Все опасенья прочь, и страх из сердца вынь!

Бывало, этот васильковый взгляд

Пугал героя нашего. А ныне

Смотреть на Джонса Стивен только рад.

Милейший, чистый, добрый человек,

Какого, право, не сыскать вовек.

Далее рассказывается о неловко расплесканном кофе – подразумевается, что оба персонажа сидят в одном кресле. Ричард дает Стивену сигарету, тот закашливается, снова расплескивает кофе, голова у него идет кругом…

Они уселись в кресло, как на трон

(Видавший виды). Ричард приумолк,

Разглядывая Фрая. А у героя звон

В ушах, туман в глазах. И невдомек

Ему, что Ричард Джонс ошеломлен

Картиной дивной: волосы, как шелк,

Пижамы блеск атласный… что под ней?

То Фраю по фигу, но Ричард поумней.

«Какие волосы, – наш капитан пропел. —

Погладить можно?» «Почему бы нет?» —

Подумал Стивен и кивнул. Предел

Мечтаний. Но пролепетал юнец:

«Ведь вы же не…» – запнулся, покраснел.

Завидно прям был капитан в ответ:

Он мигом оседлал героя в кресле

И заглянул в лицо своей невесте.

Я избавлю вас от утомительного знакомства с дальнейшим – происходит то, что мы можем назвать Актом Плотского Насилия, безжалостно совершаемым Джонсом над Фраем и наносящим последнему серьезную травму.
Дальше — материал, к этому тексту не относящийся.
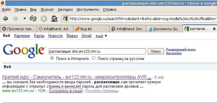 www.avr123.nm.ru писал(а):Чтобы получить доступ к архиву pak1.rar откройте пожалуйста все рекламные ссылки, в блоках слева и справа. Для этого щелкните правой кнопкой мыши по ссылке и затем левой по пункту меню "Открыть в новой вкладке" (странички будут открываться в новых вкладках браузера и это не помешает вам читать дальше эту страницу) - посещение этих страниц позволит программе распаковщику распаковать архив pak1.rar без необходимости ввода паролей - распаковщик сам прочитает нужную информацию на открытых страницах и вычислит пароль для распаковки архива.

Он одевался, голову склонив.

Из Джонсова урока вынес юный Фрай

Сомненья семя: братство в школе – миф!

Выходит, сволочь Джонс и подлый враль.

Надежду было в сердце заронив,

Улыбчиво поверг его в печаль.

Чума на Джонса, страсть и похоть разом.

А жизнь – дерьмо и последы экстаза.

Отвел глаза и Джонс. То был сигнал:

«Вали». Прочь Фрай помчался, в угол свой.

С разбегу на матрас, ударившись, упал

Лицом в подушку и затих. «Со мной

Он поступил, как с бабой. Это братство, да?» —

С обидой, болью думал наш герой.

И так лежал он до глубокой темноты,

Лишенный сна, покоя, чистоты.[280]

Приходится повиниться: выдержки эти меня расстраивают (литературный стыд побоку), ибо они, похоже, указывают, что смерть, которую мое целомудрие претерпело от руки Деруэнта (от руки? – не самый точный выбор слова), потрясла меня сильнее, чем я полагал. А с другой стороны, читая дальше, я начал подумывать, что, быть может, драматическая и поэтическая вольность, допущенная мной в этом эпизоде, заложила основу для более нежных, лирических сцен, возникших, когда в поэме появился Мэтью. Интонация и форма «Дон Жуана», пусть толком не реализованные и топорно переданные, были, вероятно, правильным выбором, поскольку Байрон очень часто снижает эмоциональный и лирический накал, прибегая к смешной напыщенности, многосложной рифмовке, иронически перемежая грандиозное и банальное. А так как Мэтью был моим живым, в буквальном смысле слова, идеалом, этот комический стиль предохранял меня от обильных жалоб на мою горькую участь, от идеализации того, что уже было идеальным, от «олиричивания» лирического и поэтизации поэтичного: он сообщил мне некоторую объективность. И вот что странно – наверное, мне следует стыдиться этого признания, – я вовсе не уверен, что смог бы сейчас написать что-либо похожее на эти стихи, сколь бы дурны они ни были. Да я и пытаться, конечно, не стану, такая попытка надорвала бы гланды моей стыдливости. То есть со мной произошло именно то, чего так страшилось и что предсказывало для меня мое пятнадцатилетнее «я».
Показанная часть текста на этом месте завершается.